Dataset entries
◇ ◇ ◇ ◇ ◇ ◇ ◇
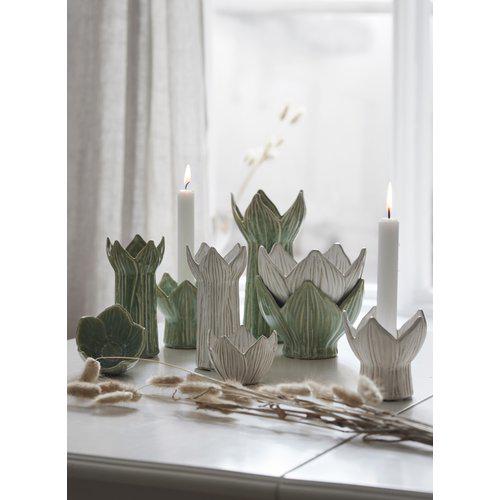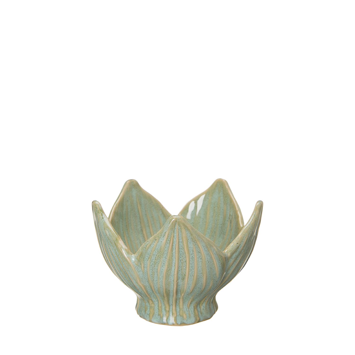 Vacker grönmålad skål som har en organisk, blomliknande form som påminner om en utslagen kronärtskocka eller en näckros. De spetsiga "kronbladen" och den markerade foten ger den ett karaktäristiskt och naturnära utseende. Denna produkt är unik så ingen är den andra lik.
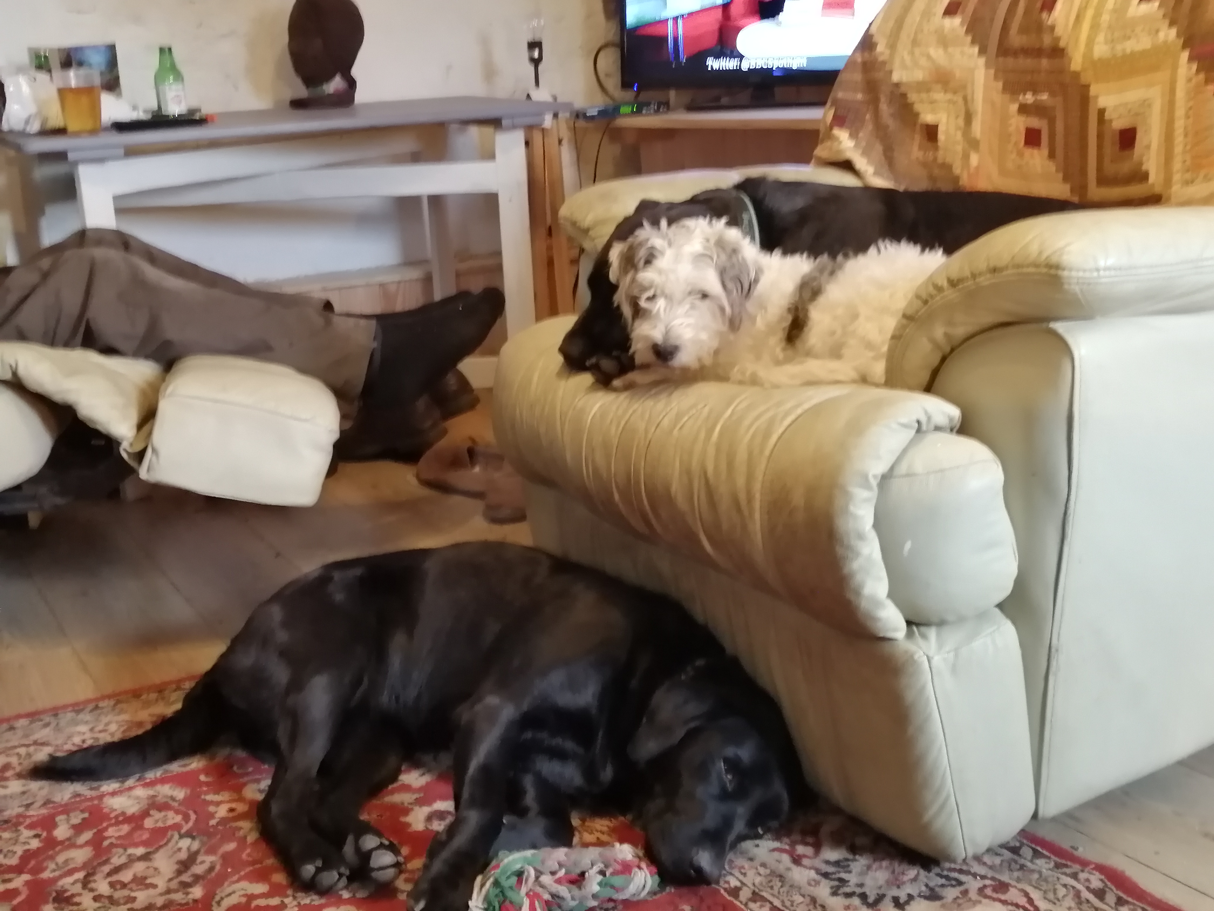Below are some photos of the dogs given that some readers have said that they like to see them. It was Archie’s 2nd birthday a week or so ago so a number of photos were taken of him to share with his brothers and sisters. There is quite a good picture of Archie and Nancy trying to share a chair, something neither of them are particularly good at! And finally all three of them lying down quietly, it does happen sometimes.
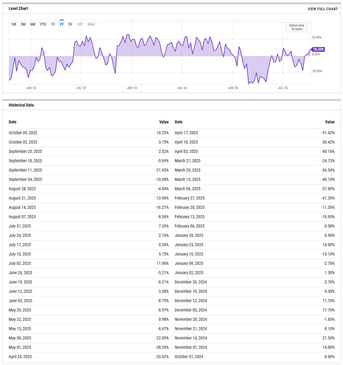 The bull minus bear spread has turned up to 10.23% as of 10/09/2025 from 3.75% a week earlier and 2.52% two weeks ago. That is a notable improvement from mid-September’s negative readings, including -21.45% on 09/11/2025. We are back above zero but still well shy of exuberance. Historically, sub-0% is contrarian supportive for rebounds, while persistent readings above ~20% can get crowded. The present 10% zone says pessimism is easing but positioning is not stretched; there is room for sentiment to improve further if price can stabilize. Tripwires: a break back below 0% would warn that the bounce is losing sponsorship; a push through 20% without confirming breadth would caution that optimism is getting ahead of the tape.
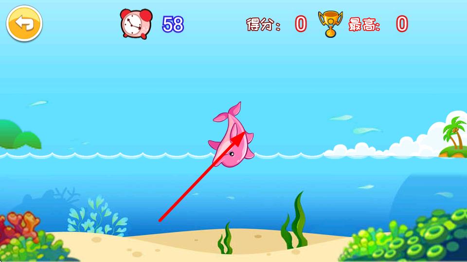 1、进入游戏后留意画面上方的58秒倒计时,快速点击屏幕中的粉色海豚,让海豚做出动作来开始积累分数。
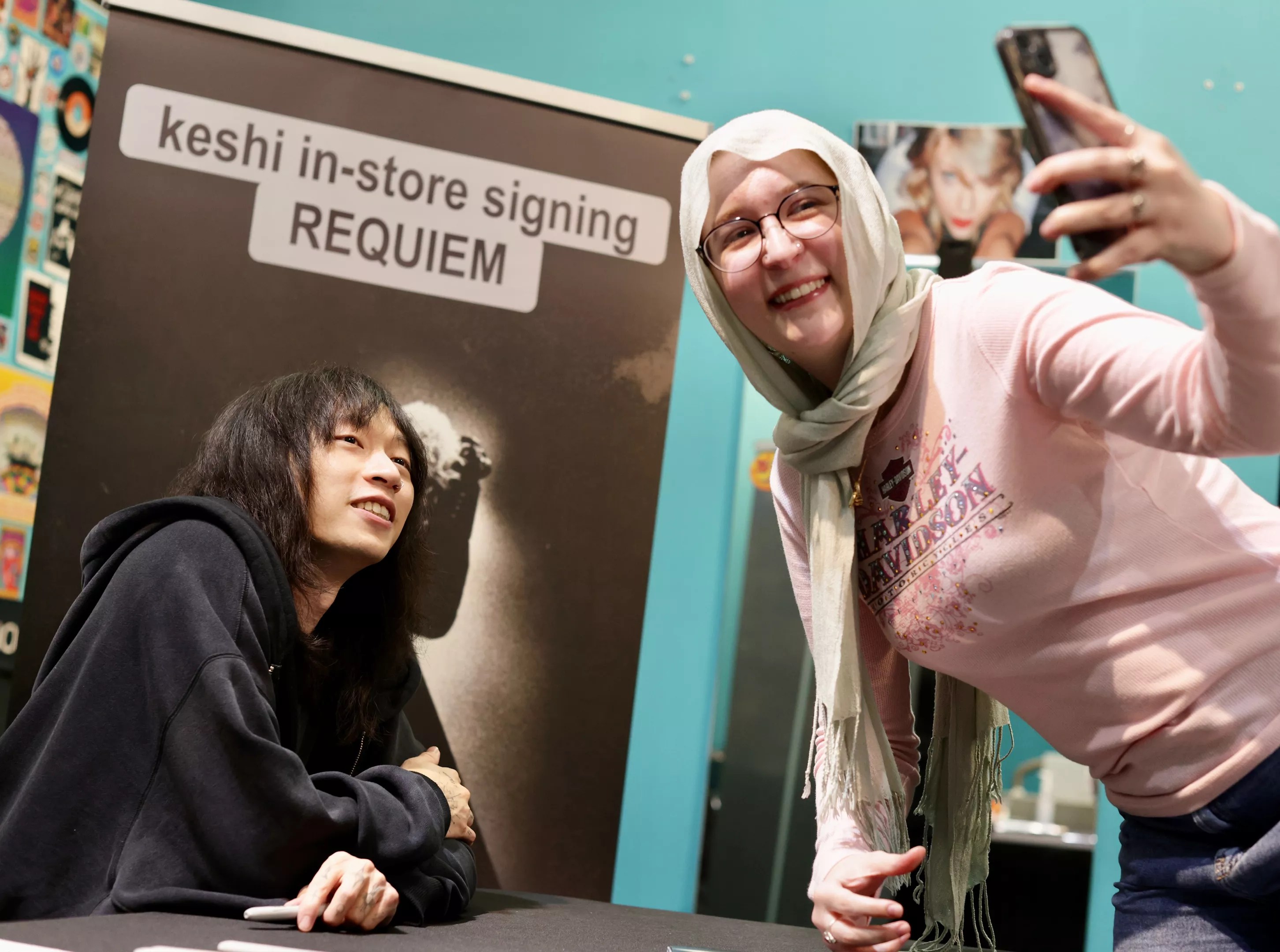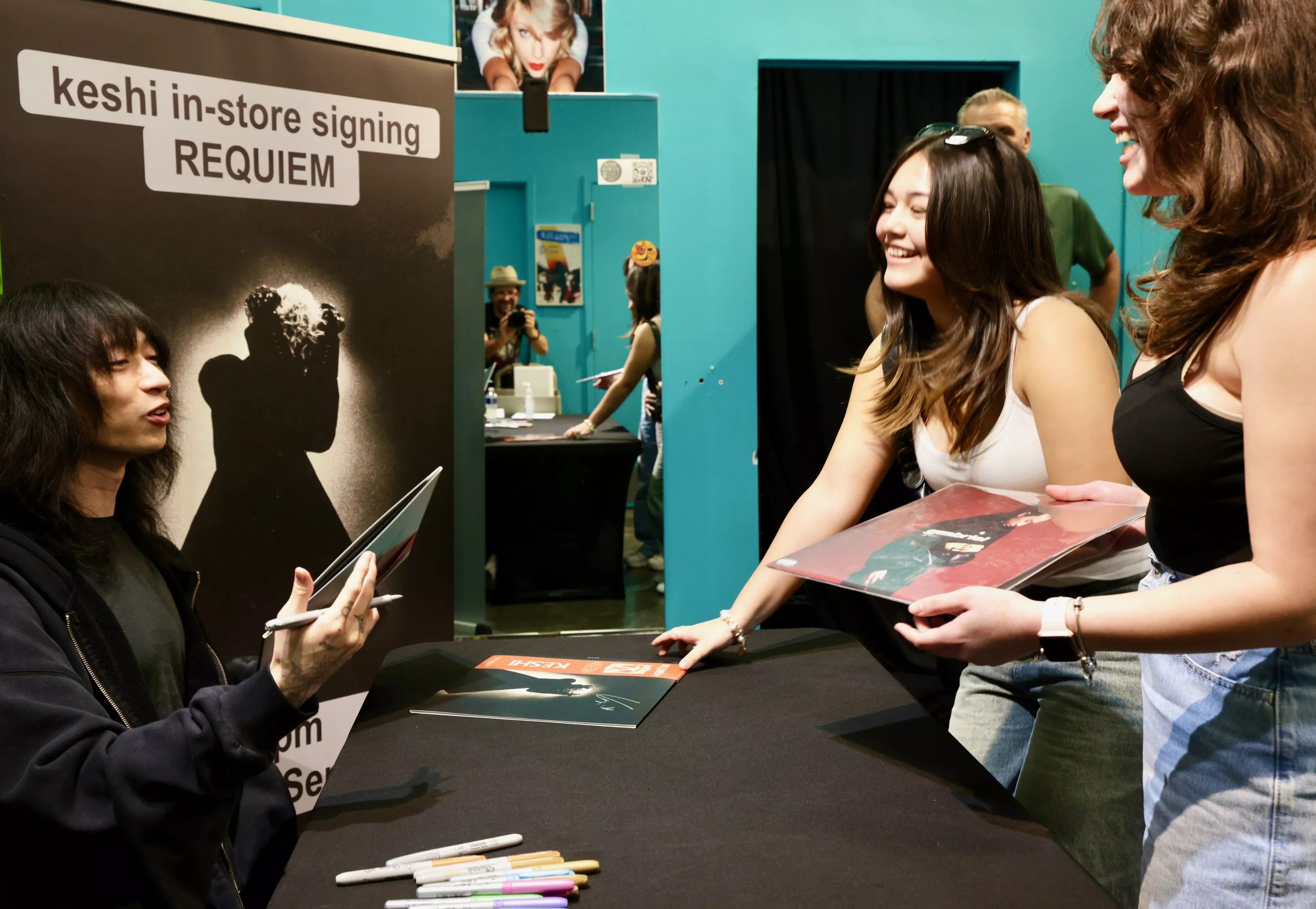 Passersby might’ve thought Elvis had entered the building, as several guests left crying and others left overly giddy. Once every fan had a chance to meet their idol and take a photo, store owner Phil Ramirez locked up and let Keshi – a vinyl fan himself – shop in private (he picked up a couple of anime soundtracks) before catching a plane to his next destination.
◇ ◇ ◇ ◇ ◇ ◇ ◇
Output exactly the lines above, beginning at the one with "The bull minus" and stopping after the one with "1、进入游戏后留意画面上方的". Pictures are to be omitted.

 The bull minus bear spread has turned up to 10.23% as of 10/09/2025 from 3.75% a week earlier and 2.52% two weeks ago. That is a notable improvement from mid-September’s negative readings, including -21.45% on 09/11/2025. We are back above zero but still well shy of exuberance. Historically, sub-0% is contrarian supportive for rebounds, while persistent readings above ~20% can get crowded. The present 10% zone says pessimism is easing but positioning is not stretched; there is room for sentiment to improve further if price can stabilize. Tripwires: a break back below 0% would warn that the bounce is losing sponsorship; a push through 20% without confirming breadth would caution that optimism is getting ahead of the tape.
 1、进入游戏后留意画面上方的58秒倒计时,快速点击屏幕中的粉色海豚,让海豚做出动作来开始积累分数。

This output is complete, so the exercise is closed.